Progressive Retinal Atrophy (PRA) is a common term used for a group of inherited diseases that cause loss of vision due to degeneration of the retina. It is seen in many breeds of dogs, but most commonly in Cocker Spaniels, Poodles, Australian Cattle Dogs, Silky Terriers and Labradors.

Clinical signs

The disease causes gradual blindness, first affecting vision in dim light (night vision) and eventually, resulting in complete blindness many months or years later. Towards the end of the disease the affected eyes develop cataracts.

The first sign noticed by owners of pets is poor vision in dim light. Their dog may be reluctant to go outside in poor light, may seek out brighter light and may actually bump into things at night. Some dogs may show an increased green reflection of their eyes in artificial light.
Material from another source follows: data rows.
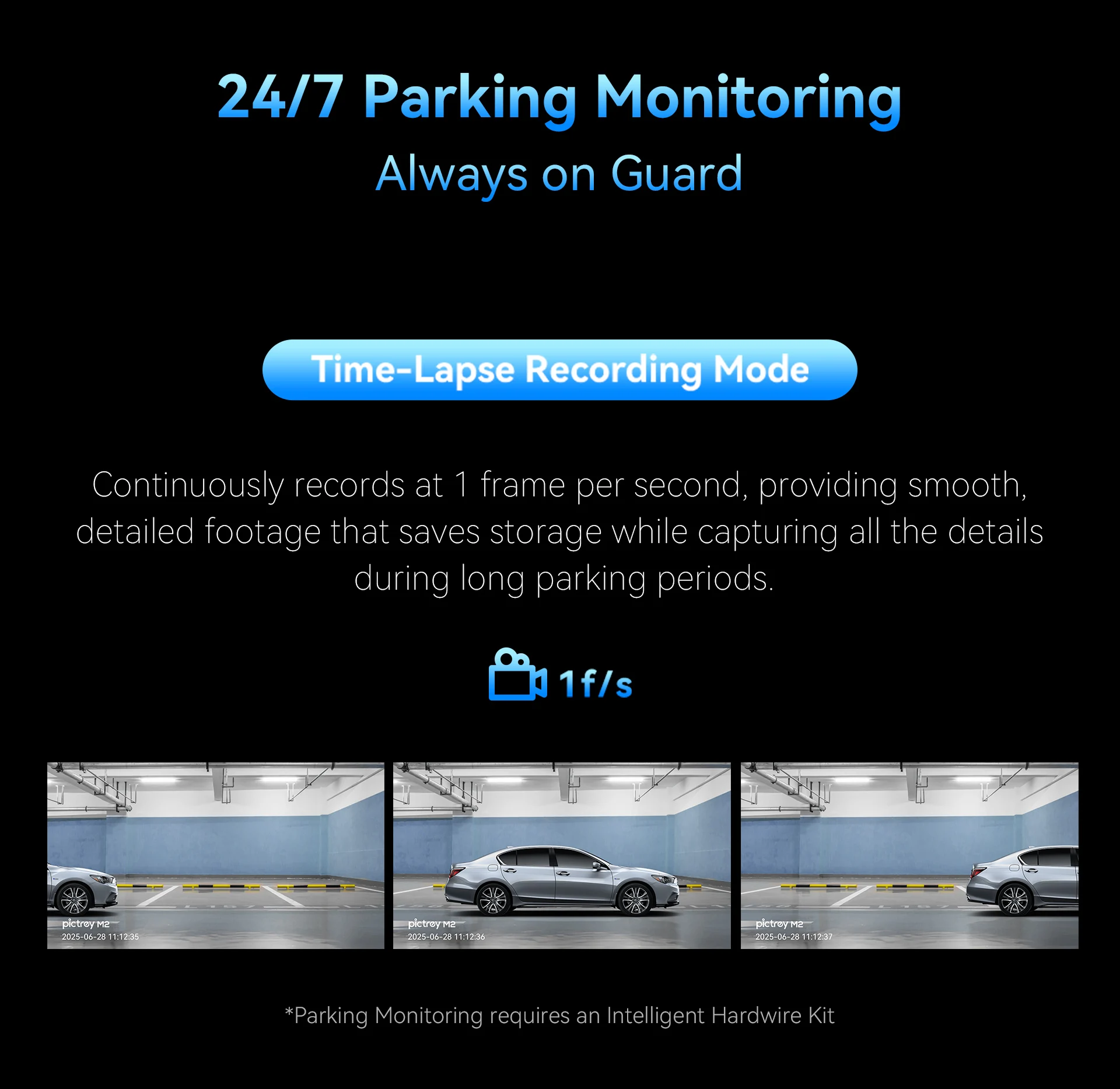Continuously records at 1 frame per second, providing smooth, detailed footage that saves storage while capturing all the details during long parking periods.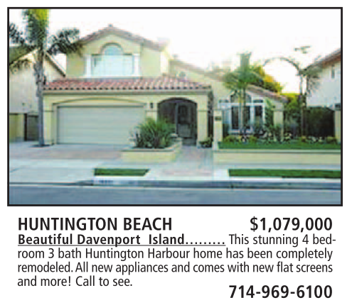 HUNTINGTON BEACH $1,079,000 Beautiful Davenport Island……… This stunning 4 bedroom 3 bath Huntington Harbour home has been completely remodeled.All new appliances and comes with new flat screens and more! Call to see. 714-969-6100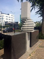 Drie blokken marmer, twee zwarte blokken en een wit. Op het middelste witte blok een stapeling van acht tegelvormige platen die gedraaid t.o.v. elkaar liggen. Daarboven op een prismavormig blok van wit marmer. De abstracte sculptuur is een expressie van het modulair onderwijs: laag op laag stapelen. In dit gebouw was toen nl. een onderwijsorganisatie, Cibb later Cinop, gevestigd. Zij gaf ook de opdracht aan kunstenaar Harry van Kuyk (1929-2008) voor dit object. Van Kuyk is niet specifiek beeldhouwer. Hij genoot vooral bekendheid als graficus. Hij ontwikkelde het procedé van reliëfdruk en maakte daarnaast zeefdrukken en etsen. |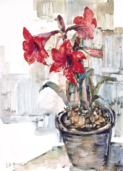 我知道,这老莲是有学名的,叫朱顶红,花语为渴望被爱,追求爱。古代为官者喜欢戴红色官帽,因此,在中式的家具间,那硬木雕刻的花凳上,置一盆朱顶红,有鸿运当头、富贵荣华、喜庆吉祥之意。而在民间,因其绿叶葳蕤成簇,花开背靠成双,又被亲切地称为对头莲,象征夫妻和美,家业兴旺。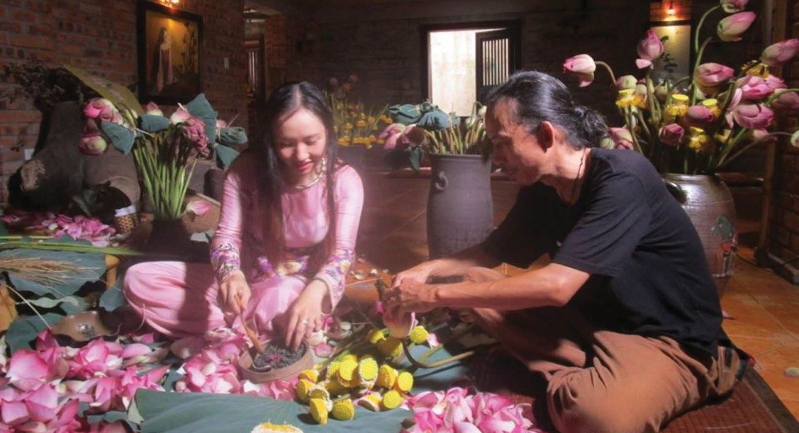 Trà kết hợp với sen tạo nên sản phẩm trà sen đặc trưng tại Huế

With time the day vision begins to deteriorate and cataracts start to develop. These are seen as a white opacity in the centre of the pupil. The cataracts exacerbate the loss of vision because they prevent light passing through the eye to the retina.

Since the vision loss is so gradual, most owners don't notice a problem until the blindness has progressed to a severe end stage.

Treatment of PRA

There is no known treatment for PRA at this time, as there is no known treatment for a similar disease, retinitis pigmentosa, in people. There has, however been recent interest in the use of anti-oxidants, supposedly to slow the rate of retinal degeneration. This interest has been extrapolated from some clinical studies in man which show that humans with age related macular degeneration slow the rate of development of their blindness if started on Lutein, a carotenoid supplement, if recognised in the early stages of the disease. At this time, there are no controlled clinical studies in dogs which show that Lutein slows the rate of degeneration in canine PRA. One of the problems is that canine PRA is often first recognised much later in the course of development of the disease.

The cataracts are usually not treated as their removal will not result in an improvement in vision. Eventually the cataracts, visible as white opacities in the centre of each eye, can cause other conditions such as uveitis (inflammation of the iris) and even glaucoma (high pressure in the eye) Usually treatment of the earlier stages of the inflammation with cortisone drops will prevent the development of later glaucoma.

Diagnosis of PRA

At present the only way we can detect the condition at an early stage is by doing an electroretinogram (ERG). The ERG is a test of electrical function within the retina, and is a sensitive indicator of PRA, often revealing abnormal findings long before clinical sign are apparent. The condition is diagnosed in the later stages of development by simply examining the retina to observe the classic signs of degeneration.

Prevention of PRA

Genetics play a vital role in the disease and therefore, individuals related to an affected dog should also be examined for PRA with an eye examination. PRA is generally but not always inherited as an auto somal recessive trait. This means that the condition is passed on from both parents.

Since the mid 1990s DNA blood tests have become available to detect affected dogs and parents who may be genetic carriers of the condition.